» REQUIRED ACTION:
From the line containing "京都河原町 (徒歩15分) |" down to the final line of the entries below, quote every line verbatim. Exclude pictures.

» DATA:

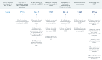 Calendario de la investigación y experimentos en CBDC en varios países
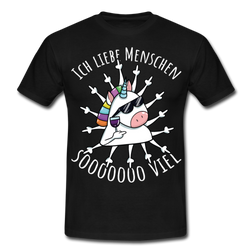 Einhorn zeigt den Mittelfinger und hasst Menschen. Der lustige Einhornspruch für Misanthropen, Antisoziale, schlecht gelaunte, Menschen mit schwarzem Humor. Außerdem für gestresste die keine Menschenansammlungen und Menschenmassen mögen. Unser T-Shirt-Klassiker schlechthin: Der lockere Schnitt macht dieses Shirt zum ultra komfortablen Begleiter in der Freizeit....- Ab 16,95 €
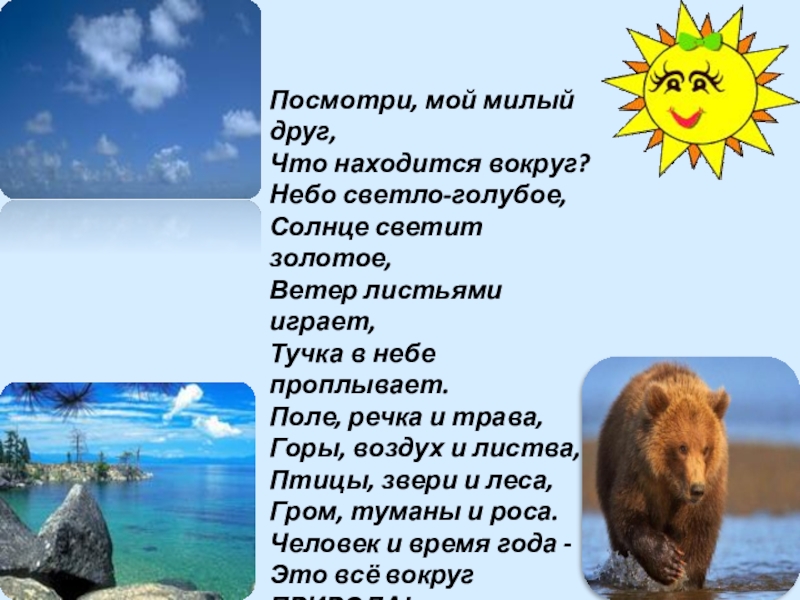 Посмотри, мой милый друг, Что находится вокруг? Небо светло-голубое, Солнце светит золотое, Ветер листьями играет, Тучка в небе проплывает. Поле, речка и трава, Горы, воздух и листва, Птицы, звери и леса, Гром, туманы и роса.
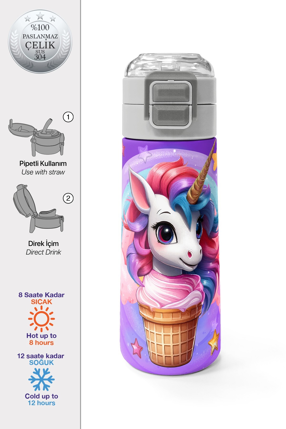 Coral High Kids Mor Pembe Unicorn Dondurma Desenli Pipetli ve Direkt İçim Çelik Termos 500 ml 31859
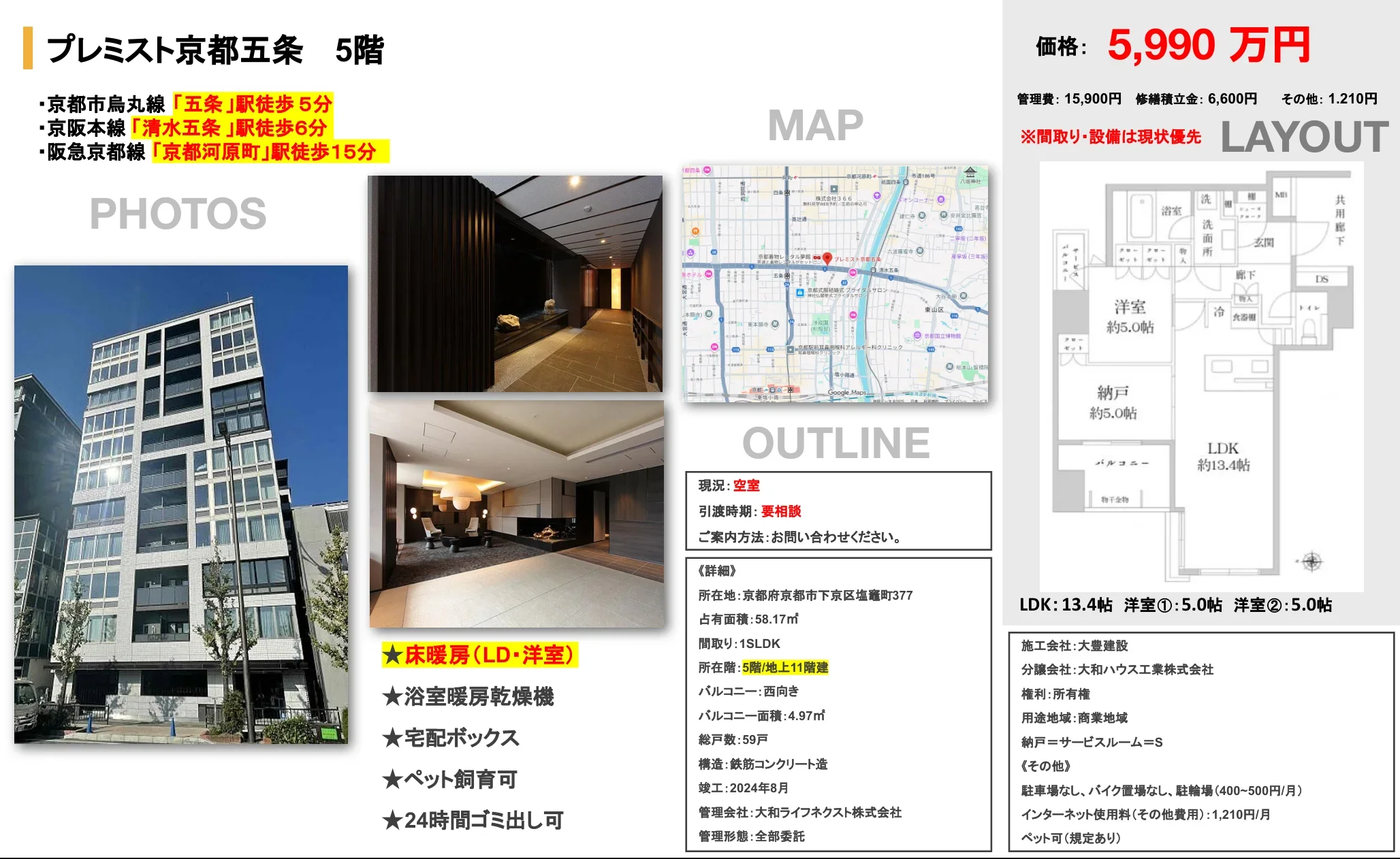| アクセス | 五条 (徒歩5分) 清水五条 (徒歩6分) 京都河原町 (徒歩15分) |
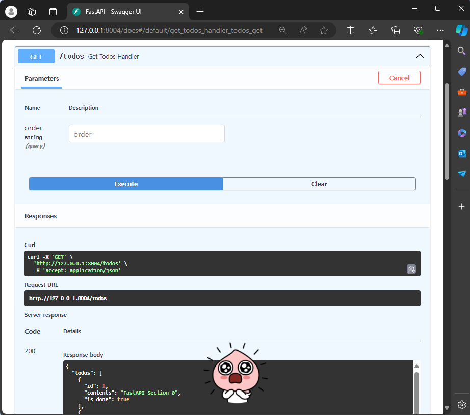 - 1 실습2 GET API ToDo 단일 조회: 2024.04.09 - [Web 개발/FAST API (인프런 강의 내용)] - 1 실습2 GET API 단일조회
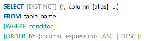 - ORDER BY : 정렬옵션(ASC : 오름차순(default), DESC:내림차순)

» ANSWER BOX:
| アクセス | 五条 (徒歩5分) 清水五条 (徒歩6分) 京都河原町 (徒歩15分) |
 - 1 실습2 GET API ToDo 단일 조회: 2024.04.09 - [Web 개발/FAST API (인프런 강의 내용)] - 1 실습2 GET API 단일조회
 - ORDER BY : 정렬옵션(ASC : 오름차순(default), DESC:내림차순)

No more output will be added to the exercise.